Quanto alla seconda questione, va osservato che il D.Lgs. 28 gennaio 2008, n. 25, art. 14, introdotto dal D.L. 17 febbraio 2017, n. 13, art. 6, comma 1, lett. c), convertito con modificazioni dalla L. 13 aprile 2017, n. 46, sotto la rubrica “Verbale del colloquio personale”, colloquio contemplato in via generale dallo stesso D.Lgs., art. 12, comma 1 stabilisce che: “Il colloquio è videoregistrato con mezzi audiovisivi e trascritto in lingua it a.ana”, aggiungendo al comma 7 che “Quando il colloquio non può essere videoregistrato, per motivi tecnici o nei casi di cui al comma 6 bis (ossia su istanza del richiedente: n. d.r.), dell’audizione è redatto verbale sottoscritto dal richiedente e si applicano, in quanto compatibili, le disposizioni del presente articolo”.

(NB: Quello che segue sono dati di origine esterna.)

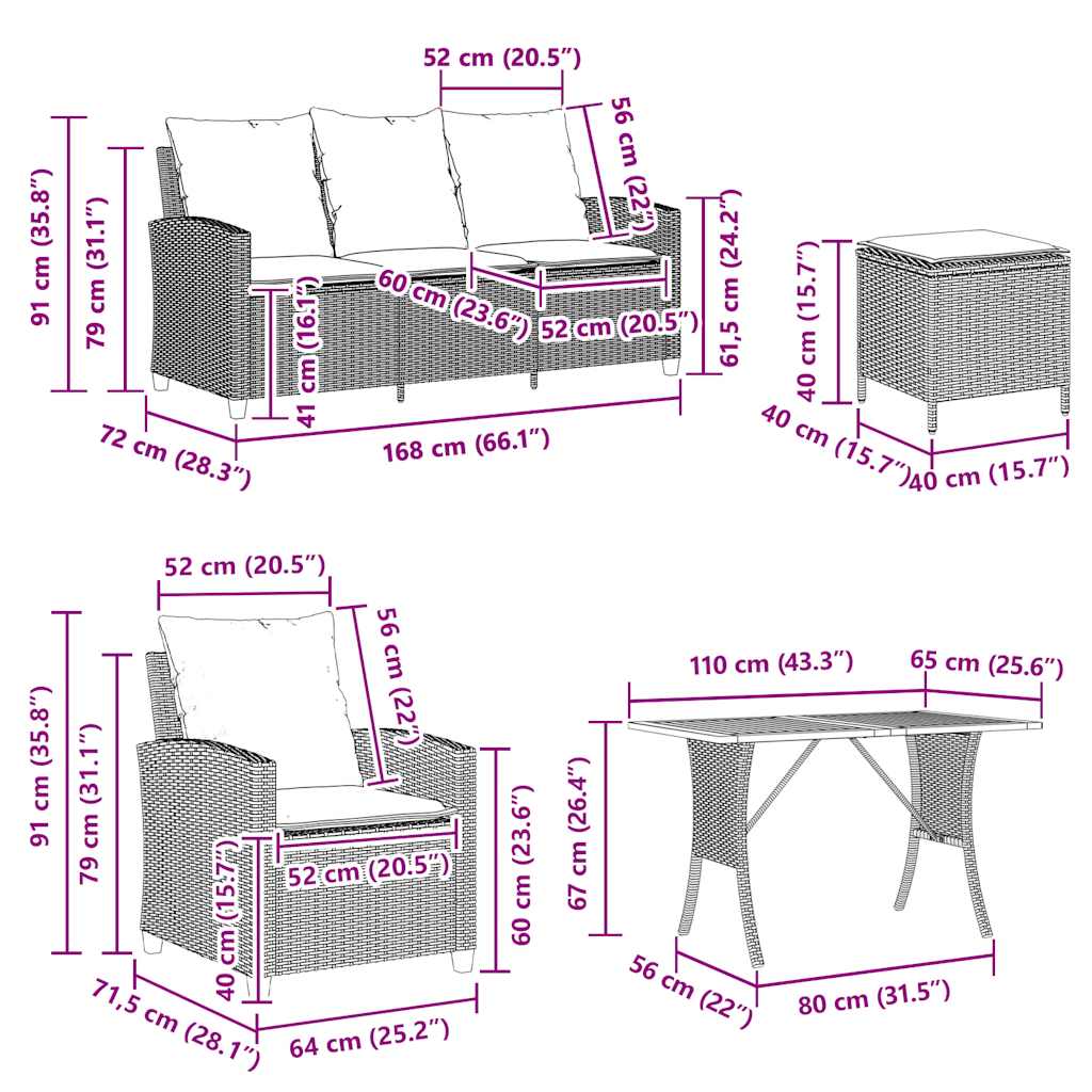 Tato zahradní sedací souprava je dokonalým doplňkem vaší zahrady, terasy nebo dvorku a poskytne vám pohodlné a příjemné místo, kde si můžete povídat s rodinou a přáteli nebo jen tak odpočívat a užívat si pobyt venku.
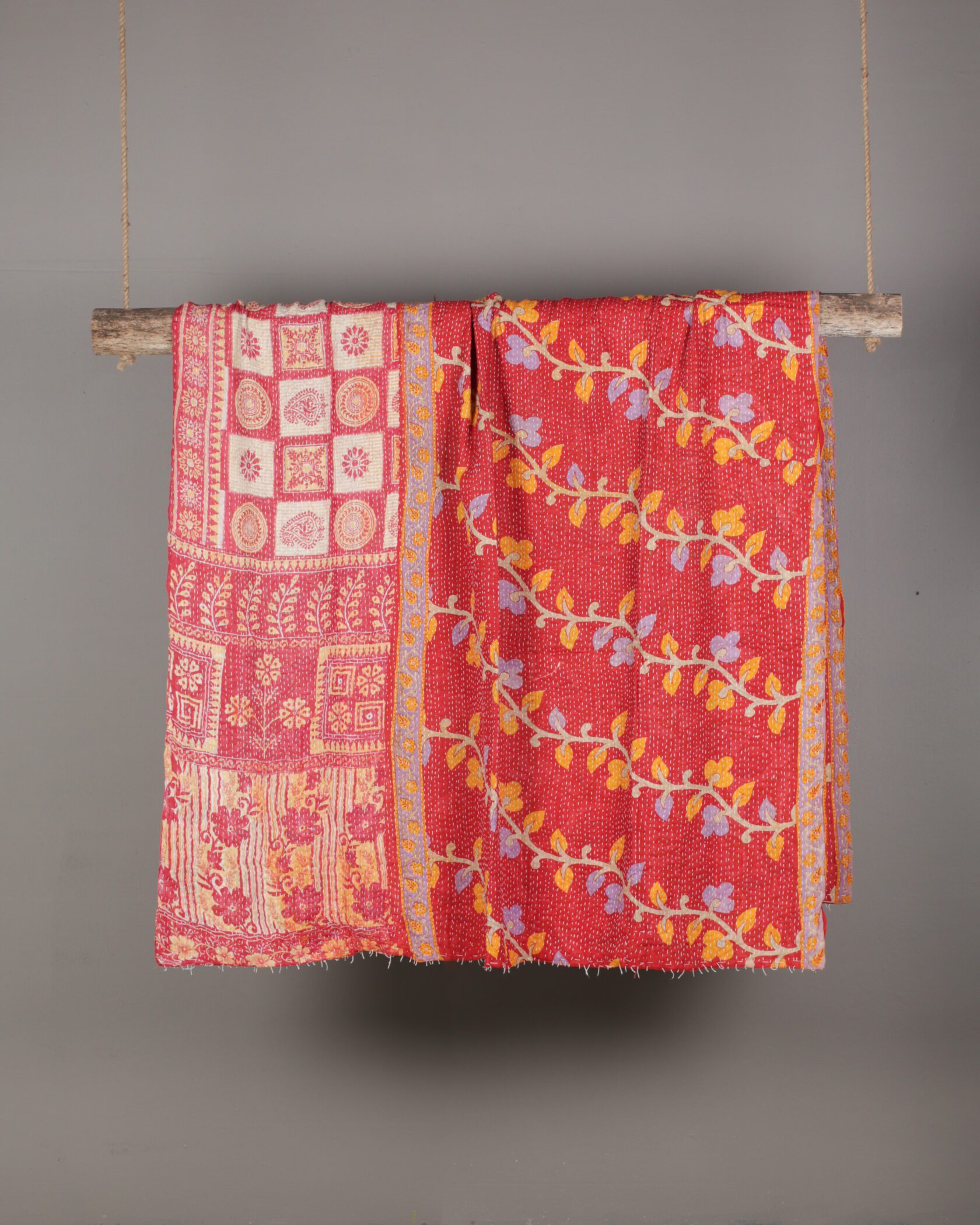 Double-sided Kantha throw with vibrant red & pink backgrounds, featuring intricate patterns.
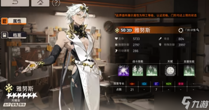 雅努斯是少见的拥有增伤和治疗辅助角色,可以提供大量暴击和持续治疗效果,解锁一门后能大幅提升增伤能力,他的所有技能都可以提供持续治疗效果,普攻能对选定目标造成单体伤害,生命值最低的队友会得到持续治疗。战术技是给选定队友提供百分之二十暴击率,并给血量最低的队友添加两层持续治疗,持续治疗能叠加,雅努斯很轻松就能给队友叠多层持续治疗。
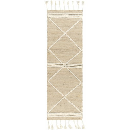 Our rugs are crafted with care and attention to detail, making them the perfect addition to any room in your home. Made with high quality materials, our rugs are durable and comfortable, providing a cozy feel underfoot. This Hauteloom rug is a beautiful bohemian, transitional runner rug, measuring at a 2'6" x 8' Runner, it can be comfortably used in hallway, kitchen. Decorate your home with this rug and enjoy it with pleasure. Brand: Hauteloom Collection: Gulnur Colors: Tan, Cream Style: Bohemian, Transitional Size: 2'6" x 8' Shape: Runner Material: Face: 60% Jute, 40% Wool Construction: Hand Woven Roomtype: Hallway, Kitchen Pile: No Pile Made in: India
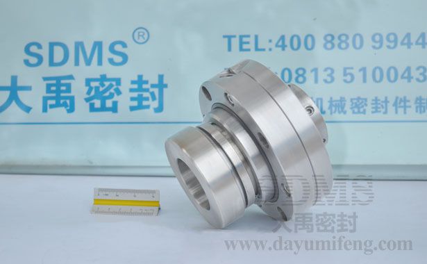 ????? 該機械密封針對重型化工泵的運行特點專門設計了冷卻水導流套,更加適應高溫、高速、高壓的工況。選材上,該機封有硬質合金、304、氟橡膠組對和碳化硅、316L、全氟醚組對,前者適用于中等腐蝕的堿性介質,后者適用于強腐蝕的磷酸、鹽酸工況。?
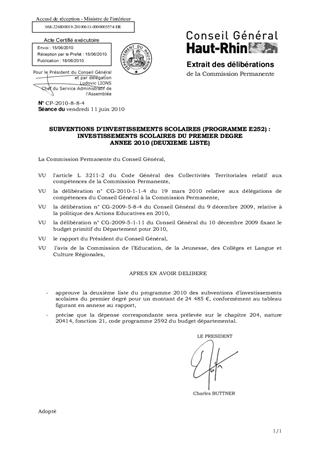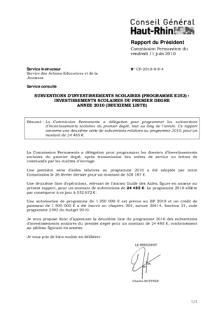 SUBVENTIONS D'INVESTISSEMENTS SCOLAIRES (PROGRAMME E252) : INVESTISSEMENTS SCOLAIRES DU PREMIER DEGRE ANNEE 2010 (DEUXIEME LISTE)

Ora, va osservato che nel giudizio di impugnazione della decisione della Commissione territoriale innanzi all’autorità giudiziaria, in caso di mancanza della videoregistrazione del colloquio, il giudice deve necessariamente fissare l’udienza per la comparizione delle parti, configurandosi, in difetto, la nullità del decreto con il quale viene deciso il ricorso, per violazione del principio del contraddittorio. Tale interpretazione è resa evidente non solo dalla lettura, in combinato disposto, dal D.Lgs. n. 25 del 2008, art. 35 bis, commi 10 ed 11 che distinguono, rispettivamente, i casi in cui il giudice può fissare discrezionalmente l’udienza, da quelli in cui egli deve necessariamente fissarla, ma anche dalla valutazione delle intenzioni del legislatore che ha previsto la videoregistrazione quale elemento centrale del procedimento, per consentire al giudice di valutare il colloquio con il richiedente in tutti i suoi risvolti, inclusi quelli non verbali, anche in ragione della natura camerale non partecipata della fase giurisdizionale (Cass., n. 17717/18; ord. n. 27182/18).

Gli altri motivi sono da ritenere assorbiti dall’accoglimento del terzo.

Per quanto esposto, il decreto impugnata va cassato, in relazione al motivo accolto, con rinvio al Tribunale di Milano, anche per le spese del giudizio di legittimità.

P.Q.M.

La Corte accoglie il terzo motivo, assorbiti gli altri.

Cassa il decreto impugnato e rinvia al Tribunale di Milano, in diversa composizione, anche per le spese del giudizio di legittimità.

Così deciso in Roma, nella camera di consiglio, il 7 maggio 2019.